Now, we want to find the expected number of types that appear exactly once in the final collection. To do this, we'll use the linearity of expectation, which states that the expected value of the sum of random variables is the sum of their expected values. So, for each type of coupon, we can compute the probability of having only one of that type in the final collection, and then sum these probabilities: \[E(\text{number of types that appear exactly once}) = \sum_{i = 1}^{n} P(\text{exactly one type i}).\] Using the result from part (a), we have: \[E(\text{number of types that appear exactly once}) = n \sum_{k = 0}^{n - 1} \frac{S(n - k - 1, n - k)}{n^{n-k-1}}.\]

Key concepts

Introduction to Probability Theory

Probability theory is a fundamental aspect of mathematics that deals with the likelihood of different outcomes. It helps us understand and quantify the chances of various events happening. Let's think about the scenario provided: collecting coupons. Imagine you have a collection of coupons, and you want to know the probability of certain outcomes, such as having exactly one of a particular type of coupon.
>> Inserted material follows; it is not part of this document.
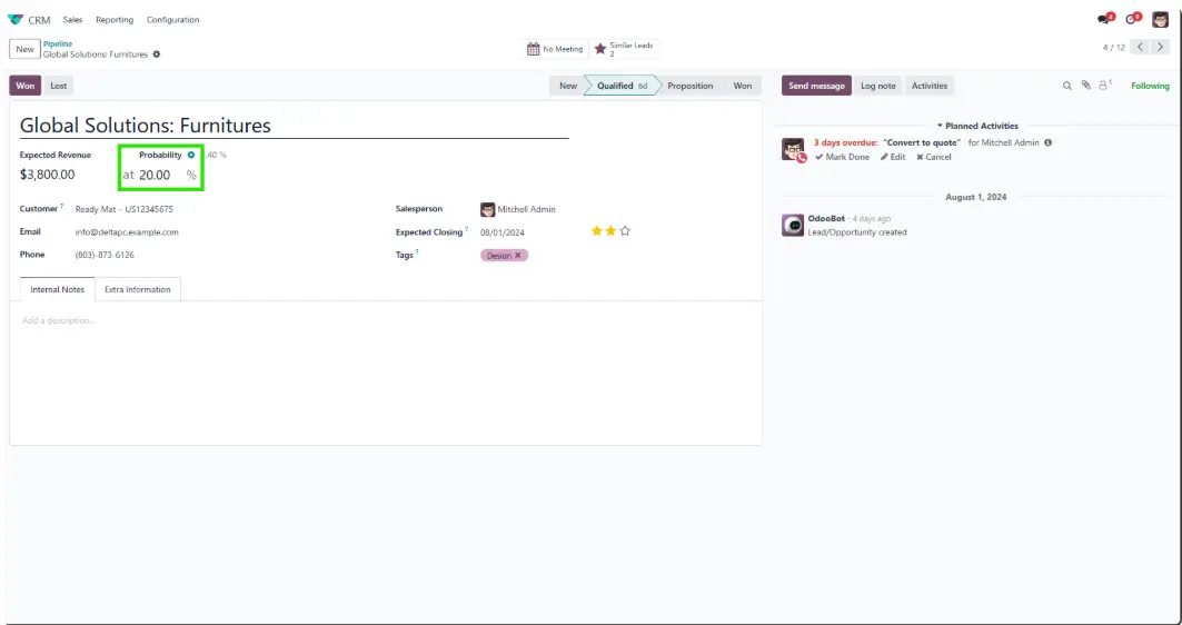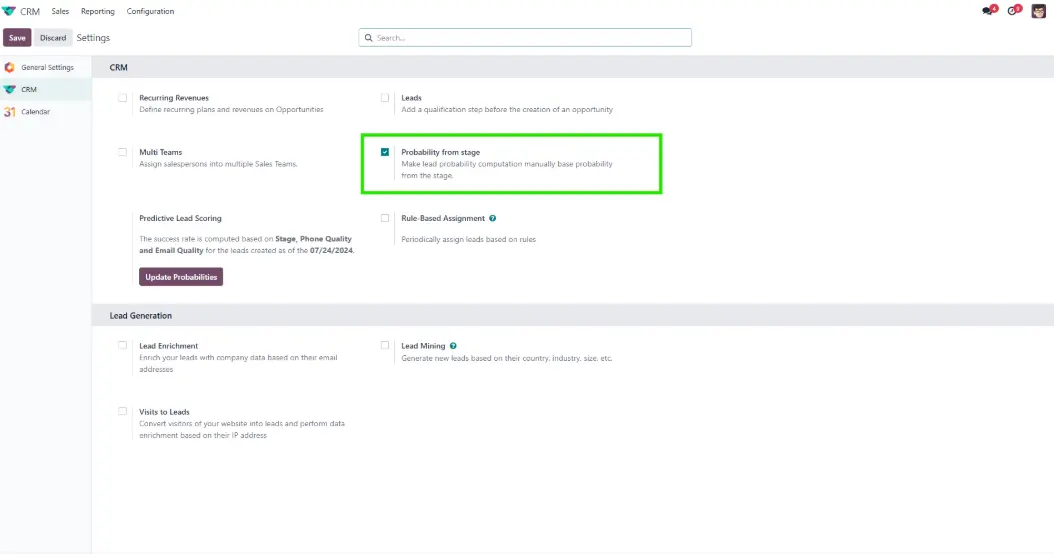 The CRM Probability From Stage module streamlines pipeline management for your sales team. You can configure probability percentages per stage to align with your sales cycle.

When dealing with probability, we operate under the assumption that each event is independent and has an equal chance of occurring. In the coupon collecting problem, this means that each time a new coupon is collected, it could be any of the available types with equal likelihood. This is where probability theory provides methods to compute the likelihood of complex events, such as completing a collection with specific constraints.

Stirling Numbers of the Second Kind Explained

Stirling numbers of the second kind, denoted as {\(S(n, k)\)}, play a pivotal role in combinatorics, which is a branch of mathematics. These numbers represent the count of ways to partition a set of \(n\) objects into \(k\) non-empty subsets. In simpler terms, think of having \(n\) distinct coupons and \(k\) distinct albums to fill with these coupons. Stirling numbers of the second kind will tell us how many ways we can distribute the coupons among the albums.

In the context of the coupon collecting problem, Stirling numbers help calculate scenarios where coupons need to be distributed into different 'types' without leaving any type empty. Understanding these numbers is crucial for solving part (a) of the problem, as it directly relates to finding the probability of having exactly one type \(i\) coupon in the final collection, given a condition on the number of types collected previously.

Linearity of Expectation

The linearity of expectation is an incredibly useful concept in probability theory since it simplifies the process of calculating expected values. It states that the expected value of the sum of random variables is equal to the sum of their individual expected values, regardless of whether the variables are independent or not.

This principle allows us to approach complex problems by breaking them down into simpler, more manageable parts. For example, in part (b) of the coupon collecting problem, we want to determine the expected number of types that appear exactly once in the final collection. Instead of tackling the entire collection at once, linearity of expectation lets us calculate the probability for each type independently and sum them up for the final result. Such a straightforward method proves invaluable in solving many statistical and probabilistic problems.